EXERCISE INPUT:
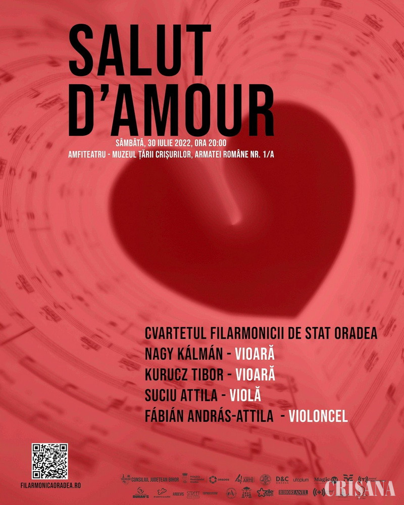 Sâmbătă, 30 iulie, de la ora 20.00, în amfiteatrul Muzeului Țării Crișurilor, str. Armatei Române nr. 1/A, va avea loc un concert susținut de Cvartetul Filarmonicii de Stat Oradea, intitulat „Salut D’Amour”.
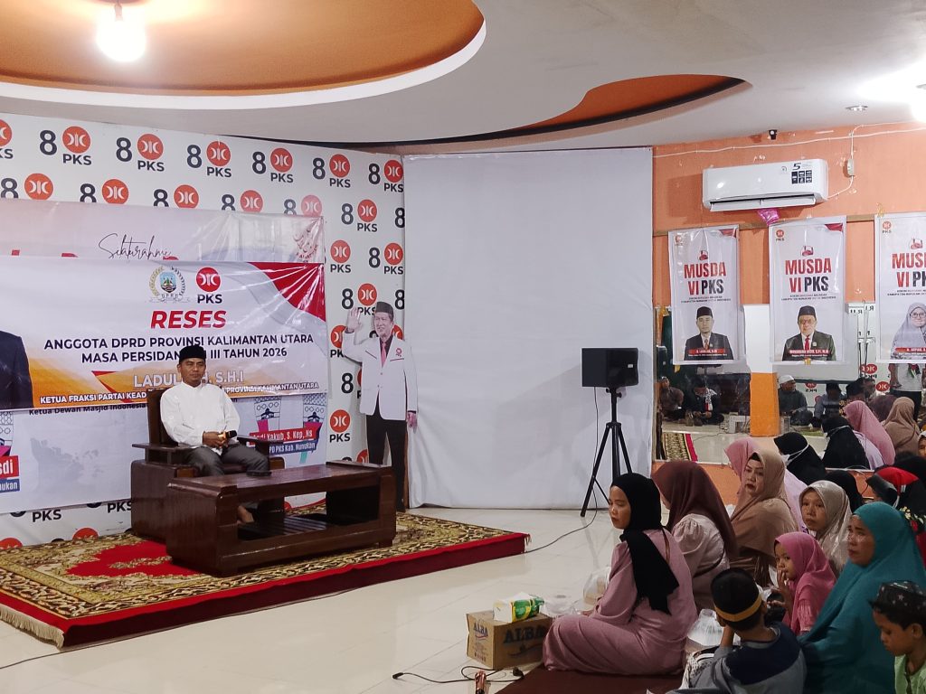 NUNUKAN-Anggota DPRD Kalimantan Utara dari fraksi Partai Keadilan Sejahtera (PKS) H.Ladullah kembali gelar reses di titik ke 5. Kegiatan yang bertujuan menyerap langsung suara aspirasi masyarakat Nunukan yang akan di jadikan bahan dalam penyusunan kebijakan pembangunan tingkat provinsi. Kegiatan tersebut digelar pada Minggu (22/02/2026) sore bertempat di Kantor DPD PKS Nunukan.
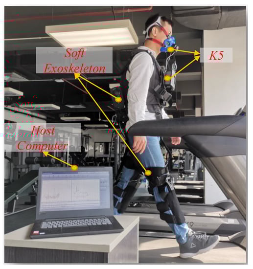 While a subject is walking with the soft exoskeleton, an actuator-driven Bowden cable is used to generate assistance in the lower limb. The metabolic rate is measured through K5.
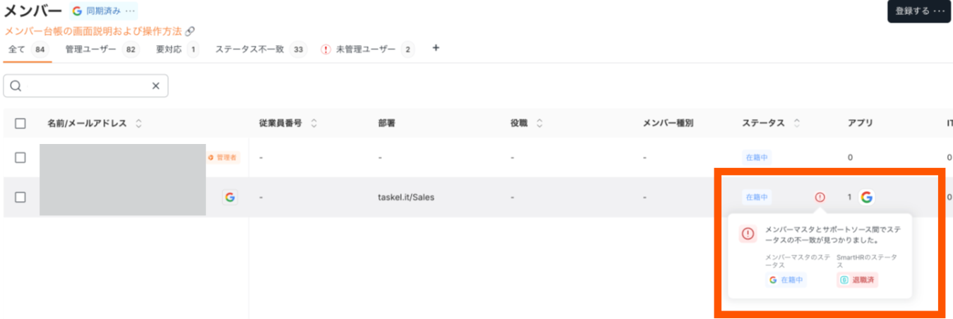 ステータス欄は、プライマリソースと、サポートソースの2つがマッピングされます。二つのソースからステータスを取得することで、それぞれのマスタで異なるステータスが設定されていた場合にステータスの不一致アラートが表示されるようになります。
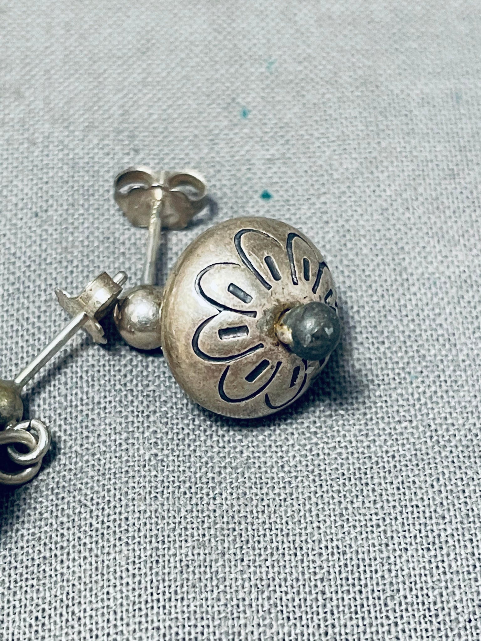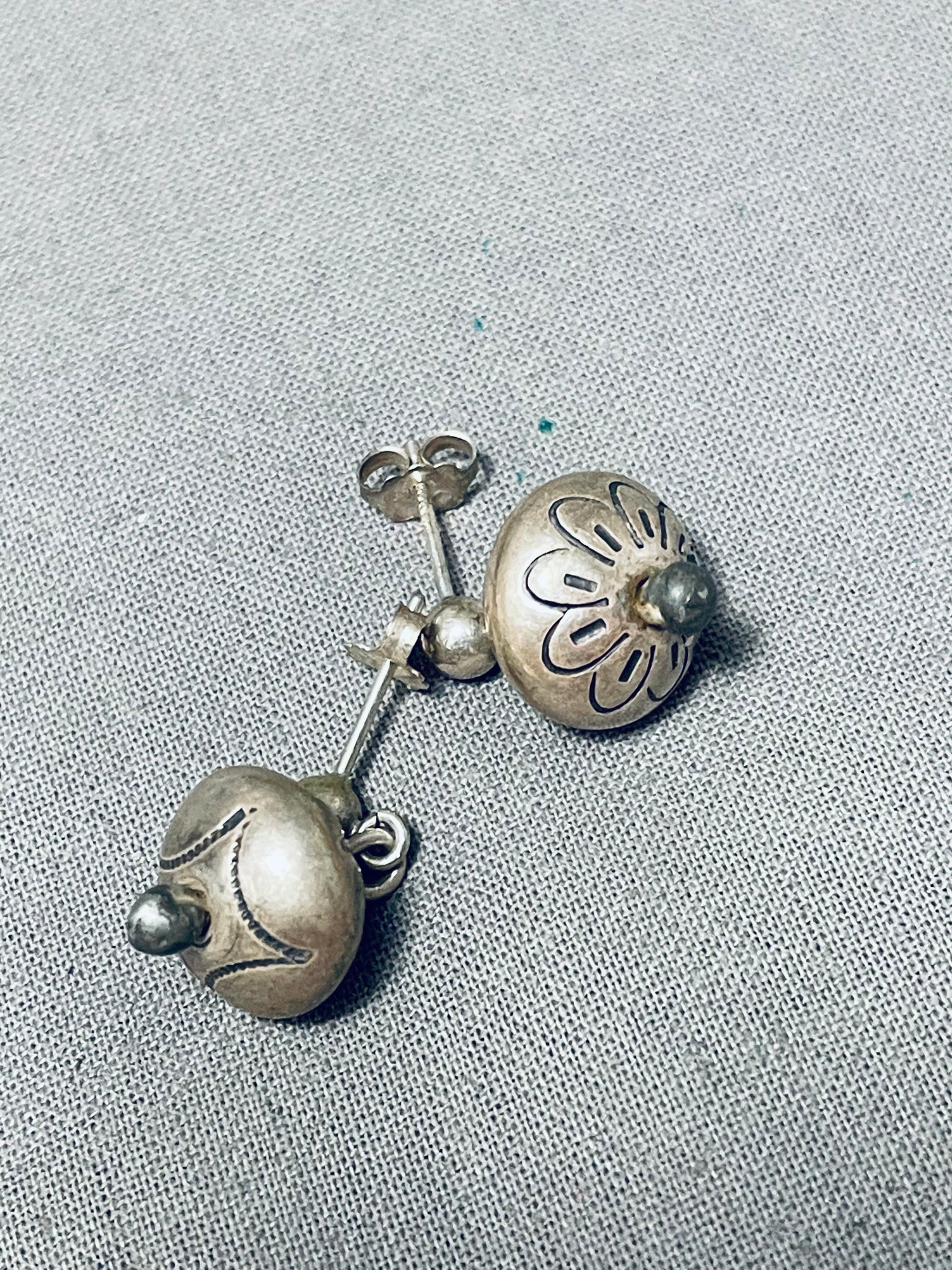 Wonderful Hand Tooled Vintage Native American Navajo Sterling Silver Earrings
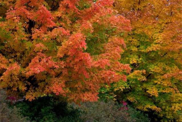 There are no true horizons in this photo of some autumn trees. Just the same, the changes in color and tone, as well as shadows and highlights, gives this scene a dimensional appearance. It is not a single continuous tone. It has a beginning and several ends.
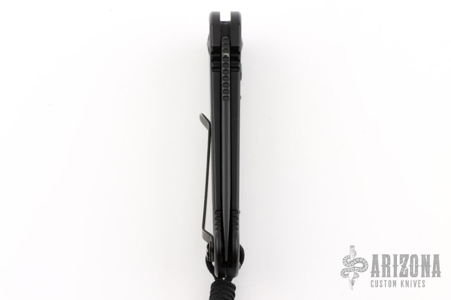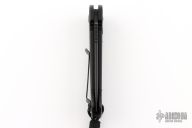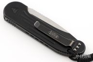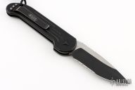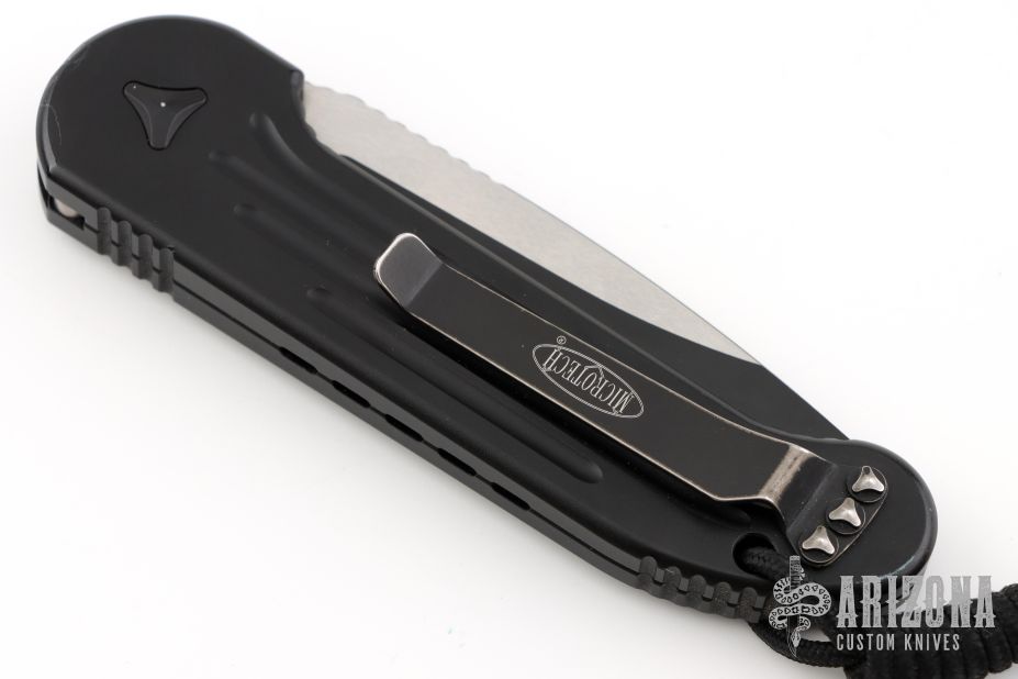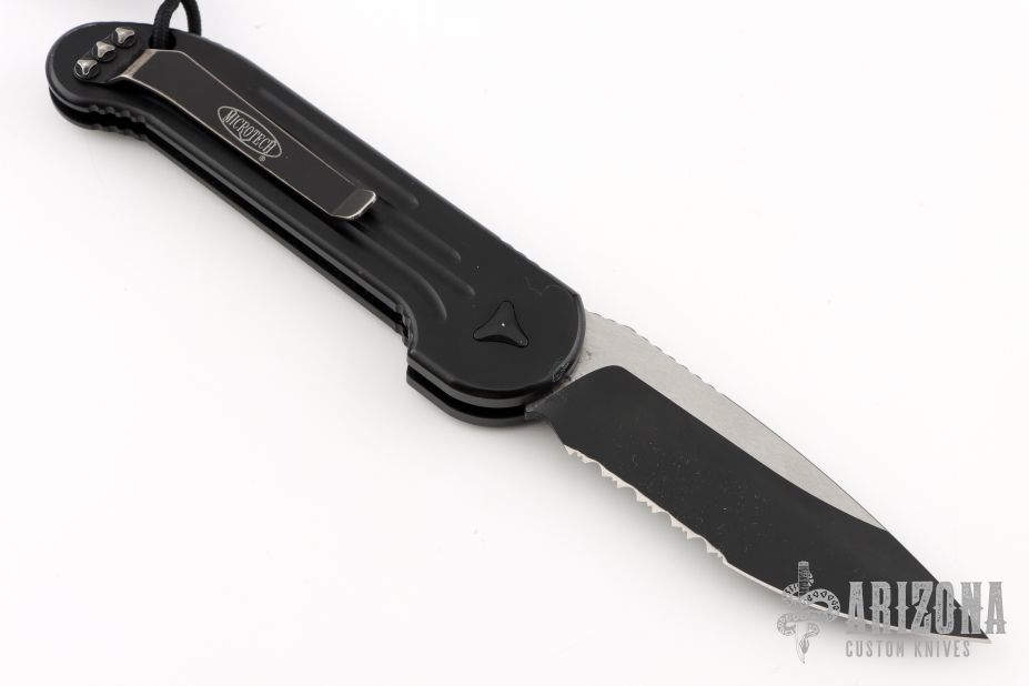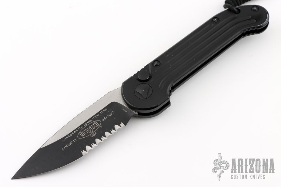 This LUDT side opening automatic by Microtech has a black blade with a partially serrated edge and a black aluminum frame. This tactical version has black fittings. Stainless steel clip. Dated 06/2023 and serial number 33513. Comes with original box. Has a few light scuffs otherwise the knife is in Excellent Condition.

EXERCISE: Could you give all the records again, exactly, minus the pictures?

WRITTEN REPLY:
 Sâmbătă, 30 iulie, de la ora 20.00, în amfiteatrul Muzeului Țării Crișurilor, str. Armatei Române nr. 1/A, va avea loc un concert susținut de Cvartetul Filarmonicii de Stat Oradea, intitulat „Salut D’Amour”.
 NUNUKAN-Anggota DPRD Kalimantan Utara dari fraksi Partai Keadilan Sejahtera (PKS) H.Ladullah kembali gelar reses di titik ke 5. Kegiatan yang bertujuan menyerap langsung suara aspirasi masyarakat Nunukan yang akan di jadikan bahan dalam penyusunan kebijakan pembangunan tingkat provinsi. Kegiatan tersebut digelar pada Minggu (22/02/2026) sore bertempat di Kantor DPD PKS Nunukan.
 While a subject is walking with the soft exoskeleton, an actuator-driven Bowden cable is used to generate assistance in the lower limb. The metabolic rate is measured through K5.
 ステータス欄は、プライマリソースと、サポートソースの2つがマッピングされます。二つのソースからステータスを取得することで、それぞれのマスタで異なるステータスが設定されていた場合にステータスの不一致アラートが表示されるようになります。
 Wonderful Hand Tooled Vintage Native American Navajo Sterling Silver Earrings
 There are no true horizons in this photo of some autumn trees. Just the same, the changes in color and tone, as well as shadows and highlights, gives this scene a dimensional appearance. It is not a single continuous tone. It has a beginning and several ends.
 This LUDT side opening automatic by Microtech has a black blade with a partially serrated edge and a black aluminum frame. This tactical version has black fittings. Stainless steel clip. Dated 06/2023 and serial number 33513. Comes with original box. Has a few light scuffs otherwise the knife is in Excellent Condition.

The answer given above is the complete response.